Symptoms of Citrullinemia Type I can vary in severity and often appear within the first few days or weeks of life. Common signs include:

  • Lethargy: A general lack of energy and sluggishness.
  • Poor feeding: Difficulty sucking, swallowing, or gaining weight.
  • Vomiting: Frequent or forceful vomiting.
  • Irritability: Fussiness and crying more than usual.
  • Seizures: Episodes of uncontrolled muscle movements.
  • Respiratory problems: Difficulty breathing.
  • Delayed development: Slowed growth and cognitive development.
  • Enlarged liver: The liver may be noticeably bigger than normal.
  • Jaundice: Yellowing of the skin and whites of the eyes.
  • Coma: A state of unconsciousness.

Causes

Citrullinemia Type I is an inherited disorder, meaning it is passed down through families. Parents who carry the mutated ASS1 gene have a 50% chance of passing it on to their children. If a child inherits the mutated gene from both parents, they will develop the disorder.

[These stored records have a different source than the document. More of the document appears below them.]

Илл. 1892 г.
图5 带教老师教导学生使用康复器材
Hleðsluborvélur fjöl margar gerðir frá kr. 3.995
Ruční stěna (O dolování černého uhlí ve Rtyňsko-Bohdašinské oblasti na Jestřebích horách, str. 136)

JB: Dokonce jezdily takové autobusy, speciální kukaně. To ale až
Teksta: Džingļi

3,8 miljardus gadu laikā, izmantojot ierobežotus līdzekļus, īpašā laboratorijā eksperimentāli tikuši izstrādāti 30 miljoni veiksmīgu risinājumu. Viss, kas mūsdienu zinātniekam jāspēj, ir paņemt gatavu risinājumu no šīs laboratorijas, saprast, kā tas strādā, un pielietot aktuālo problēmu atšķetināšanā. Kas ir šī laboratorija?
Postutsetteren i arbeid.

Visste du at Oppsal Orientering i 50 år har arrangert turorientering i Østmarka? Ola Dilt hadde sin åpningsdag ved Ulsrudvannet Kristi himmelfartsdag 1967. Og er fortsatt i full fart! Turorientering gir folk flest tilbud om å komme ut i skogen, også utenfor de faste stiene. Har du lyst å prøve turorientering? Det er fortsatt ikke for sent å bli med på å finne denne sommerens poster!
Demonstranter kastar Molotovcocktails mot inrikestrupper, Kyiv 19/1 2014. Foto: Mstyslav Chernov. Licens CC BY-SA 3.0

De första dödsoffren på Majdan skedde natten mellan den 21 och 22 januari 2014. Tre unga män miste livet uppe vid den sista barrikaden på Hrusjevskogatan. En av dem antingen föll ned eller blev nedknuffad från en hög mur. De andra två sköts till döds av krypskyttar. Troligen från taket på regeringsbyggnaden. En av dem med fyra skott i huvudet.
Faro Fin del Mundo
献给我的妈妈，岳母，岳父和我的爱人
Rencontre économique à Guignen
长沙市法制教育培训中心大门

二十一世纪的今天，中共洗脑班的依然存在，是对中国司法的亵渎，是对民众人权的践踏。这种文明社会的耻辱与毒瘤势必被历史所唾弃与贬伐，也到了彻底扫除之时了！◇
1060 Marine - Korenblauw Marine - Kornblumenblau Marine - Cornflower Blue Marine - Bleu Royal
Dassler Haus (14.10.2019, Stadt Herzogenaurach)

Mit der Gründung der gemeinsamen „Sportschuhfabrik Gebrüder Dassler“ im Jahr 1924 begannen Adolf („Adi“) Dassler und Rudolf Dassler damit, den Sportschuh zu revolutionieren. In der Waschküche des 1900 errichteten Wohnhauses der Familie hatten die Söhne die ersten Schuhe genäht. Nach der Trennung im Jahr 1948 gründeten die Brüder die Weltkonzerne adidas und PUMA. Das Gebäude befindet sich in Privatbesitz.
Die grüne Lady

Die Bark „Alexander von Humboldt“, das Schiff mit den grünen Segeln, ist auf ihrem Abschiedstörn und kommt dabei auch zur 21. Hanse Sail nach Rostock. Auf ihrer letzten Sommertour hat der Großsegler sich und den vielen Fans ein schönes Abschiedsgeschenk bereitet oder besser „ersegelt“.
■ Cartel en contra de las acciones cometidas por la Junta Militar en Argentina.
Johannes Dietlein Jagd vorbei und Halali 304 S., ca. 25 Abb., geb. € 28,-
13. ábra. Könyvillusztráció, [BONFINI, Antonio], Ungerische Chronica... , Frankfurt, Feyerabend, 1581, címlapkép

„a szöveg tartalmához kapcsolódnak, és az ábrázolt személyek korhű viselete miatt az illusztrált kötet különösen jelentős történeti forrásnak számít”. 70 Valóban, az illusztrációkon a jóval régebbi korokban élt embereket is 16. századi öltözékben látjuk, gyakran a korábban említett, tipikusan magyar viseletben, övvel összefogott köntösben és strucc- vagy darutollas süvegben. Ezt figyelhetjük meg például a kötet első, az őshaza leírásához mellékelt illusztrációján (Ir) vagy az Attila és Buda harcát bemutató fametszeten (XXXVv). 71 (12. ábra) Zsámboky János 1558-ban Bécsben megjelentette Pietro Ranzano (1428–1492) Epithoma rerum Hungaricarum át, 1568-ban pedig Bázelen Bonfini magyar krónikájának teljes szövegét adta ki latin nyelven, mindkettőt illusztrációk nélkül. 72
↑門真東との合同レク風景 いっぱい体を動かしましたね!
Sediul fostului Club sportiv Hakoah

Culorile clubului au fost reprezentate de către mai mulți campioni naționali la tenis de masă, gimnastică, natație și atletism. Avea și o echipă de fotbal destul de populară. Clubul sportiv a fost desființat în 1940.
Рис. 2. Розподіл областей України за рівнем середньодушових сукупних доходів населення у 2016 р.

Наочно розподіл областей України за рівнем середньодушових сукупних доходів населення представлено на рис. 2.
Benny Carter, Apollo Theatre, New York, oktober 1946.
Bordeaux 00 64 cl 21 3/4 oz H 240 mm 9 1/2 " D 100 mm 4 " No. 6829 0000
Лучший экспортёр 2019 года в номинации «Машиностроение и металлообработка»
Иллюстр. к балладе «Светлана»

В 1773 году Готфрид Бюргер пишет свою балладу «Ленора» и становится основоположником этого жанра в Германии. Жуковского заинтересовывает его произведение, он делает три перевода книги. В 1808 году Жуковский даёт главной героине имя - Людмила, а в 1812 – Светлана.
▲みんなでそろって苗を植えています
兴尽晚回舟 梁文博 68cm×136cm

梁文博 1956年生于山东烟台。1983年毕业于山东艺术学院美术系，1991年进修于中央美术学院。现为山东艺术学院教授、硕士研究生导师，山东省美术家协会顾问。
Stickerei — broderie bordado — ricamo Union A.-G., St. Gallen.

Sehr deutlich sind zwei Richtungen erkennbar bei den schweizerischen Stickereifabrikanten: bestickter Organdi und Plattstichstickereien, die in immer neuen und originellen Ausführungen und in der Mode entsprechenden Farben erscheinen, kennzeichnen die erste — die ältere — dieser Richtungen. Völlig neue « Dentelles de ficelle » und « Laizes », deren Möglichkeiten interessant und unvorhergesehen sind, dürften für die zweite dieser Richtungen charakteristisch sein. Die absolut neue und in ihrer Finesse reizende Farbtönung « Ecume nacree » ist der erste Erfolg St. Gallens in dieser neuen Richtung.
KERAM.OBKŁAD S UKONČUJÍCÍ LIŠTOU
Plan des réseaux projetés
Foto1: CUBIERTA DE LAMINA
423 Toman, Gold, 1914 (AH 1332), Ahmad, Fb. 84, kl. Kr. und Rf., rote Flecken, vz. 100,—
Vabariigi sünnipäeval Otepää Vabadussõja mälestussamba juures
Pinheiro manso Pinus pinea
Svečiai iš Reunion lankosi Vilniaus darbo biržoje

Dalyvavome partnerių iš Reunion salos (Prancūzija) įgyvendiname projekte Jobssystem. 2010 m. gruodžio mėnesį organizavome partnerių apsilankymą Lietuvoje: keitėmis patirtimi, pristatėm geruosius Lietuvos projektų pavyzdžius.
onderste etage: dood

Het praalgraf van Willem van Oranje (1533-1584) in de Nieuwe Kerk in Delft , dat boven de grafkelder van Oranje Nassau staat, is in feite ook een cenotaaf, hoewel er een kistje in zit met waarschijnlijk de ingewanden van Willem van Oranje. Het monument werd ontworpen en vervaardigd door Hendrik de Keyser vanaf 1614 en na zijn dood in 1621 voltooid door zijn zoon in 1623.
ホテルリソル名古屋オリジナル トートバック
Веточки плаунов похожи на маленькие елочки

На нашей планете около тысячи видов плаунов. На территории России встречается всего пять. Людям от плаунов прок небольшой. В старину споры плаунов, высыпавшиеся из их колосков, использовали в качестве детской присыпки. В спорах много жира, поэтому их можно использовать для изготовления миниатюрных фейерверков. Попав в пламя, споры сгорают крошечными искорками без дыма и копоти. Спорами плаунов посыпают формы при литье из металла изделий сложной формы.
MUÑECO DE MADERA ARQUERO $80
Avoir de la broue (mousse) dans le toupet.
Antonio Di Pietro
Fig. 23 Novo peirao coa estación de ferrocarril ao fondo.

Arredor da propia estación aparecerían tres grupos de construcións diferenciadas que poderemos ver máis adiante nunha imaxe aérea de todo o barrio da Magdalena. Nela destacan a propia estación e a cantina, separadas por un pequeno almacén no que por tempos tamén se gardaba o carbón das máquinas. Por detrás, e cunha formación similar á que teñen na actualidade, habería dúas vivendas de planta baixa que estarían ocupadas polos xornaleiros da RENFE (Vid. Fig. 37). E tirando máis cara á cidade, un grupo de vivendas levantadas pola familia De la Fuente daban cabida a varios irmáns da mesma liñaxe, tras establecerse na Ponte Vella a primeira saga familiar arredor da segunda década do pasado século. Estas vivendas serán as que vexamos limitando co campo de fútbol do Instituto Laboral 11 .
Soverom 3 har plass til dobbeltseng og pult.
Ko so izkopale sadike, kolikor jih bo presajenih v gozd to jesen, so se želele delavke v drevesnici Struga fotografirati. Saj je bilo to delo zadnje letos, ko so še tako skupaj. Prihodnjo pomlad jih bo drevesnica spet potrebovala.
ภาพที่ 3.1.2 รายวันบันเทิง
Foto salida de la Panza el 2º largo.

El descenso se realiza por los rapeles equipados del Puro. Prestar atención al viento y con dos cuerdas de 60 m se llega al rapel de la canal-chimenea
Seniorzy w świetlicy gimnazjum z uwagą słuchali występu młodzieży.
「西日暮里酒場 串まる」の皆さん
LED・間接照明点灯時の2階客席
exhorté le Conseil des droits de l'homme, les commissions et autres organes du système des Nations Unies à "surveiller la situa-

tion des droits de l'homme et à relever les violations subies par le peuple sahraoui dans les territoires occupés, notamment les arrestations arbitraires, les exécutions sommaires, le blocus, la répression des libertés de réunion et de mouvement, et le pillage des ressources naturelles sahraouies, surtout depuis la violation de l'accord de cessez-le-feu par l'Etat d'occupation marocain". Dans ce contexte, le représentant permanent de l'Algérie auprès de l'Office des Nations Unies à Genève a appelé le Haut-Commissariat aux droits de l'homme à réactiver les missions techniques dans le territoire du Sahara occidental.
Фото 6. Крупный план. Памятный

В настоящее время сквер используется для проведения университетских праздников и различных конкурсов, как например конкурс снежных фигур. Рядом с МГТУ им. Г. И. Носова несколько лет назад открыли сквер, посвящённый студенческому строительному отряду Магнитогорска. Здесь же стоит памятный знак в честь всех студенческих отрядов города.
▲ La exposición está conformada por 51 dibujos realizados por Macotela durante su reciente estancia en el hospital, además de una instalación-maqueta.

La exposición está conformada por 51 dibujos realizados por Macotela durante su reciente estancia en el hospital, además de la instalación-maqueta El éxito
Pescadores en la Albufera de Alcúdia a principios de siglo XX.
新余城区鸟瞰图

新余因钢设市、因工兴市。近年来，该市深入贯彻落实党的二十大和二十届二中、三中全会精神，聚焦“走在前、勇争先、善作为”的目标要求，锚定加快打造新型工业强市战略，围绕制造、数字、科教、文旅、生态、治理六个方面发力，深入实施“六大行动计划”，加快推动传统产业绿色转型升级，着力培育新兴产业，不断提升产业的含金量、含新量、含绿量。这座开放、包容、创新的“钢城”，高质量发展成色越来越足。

Inheritance/recurrence risk

Citrullinemia Type I is inherited in an autosomal recessive pattern. This means that an individual must inherit two copies of the mutated ASS1 gene, one from each parent, to develop the disorder. If both parents carry the mutated gene, there is a 25% chance for each child to inherit two copies (and have the disorder), a 50% chance to inherit one copy (and be a carrier), and a 25% chance to inherit two normal copies (and not have the disorder).



Disclaimer: The information provided here is not exhaustive by any means. Always consult your doctor or other qualified healthcare provider with any questions you may have regarding a medical condition, procedure, or treatment, whether it is a prescription medication, over-the-counter drug, vitamin, supplement, or herbal alternative.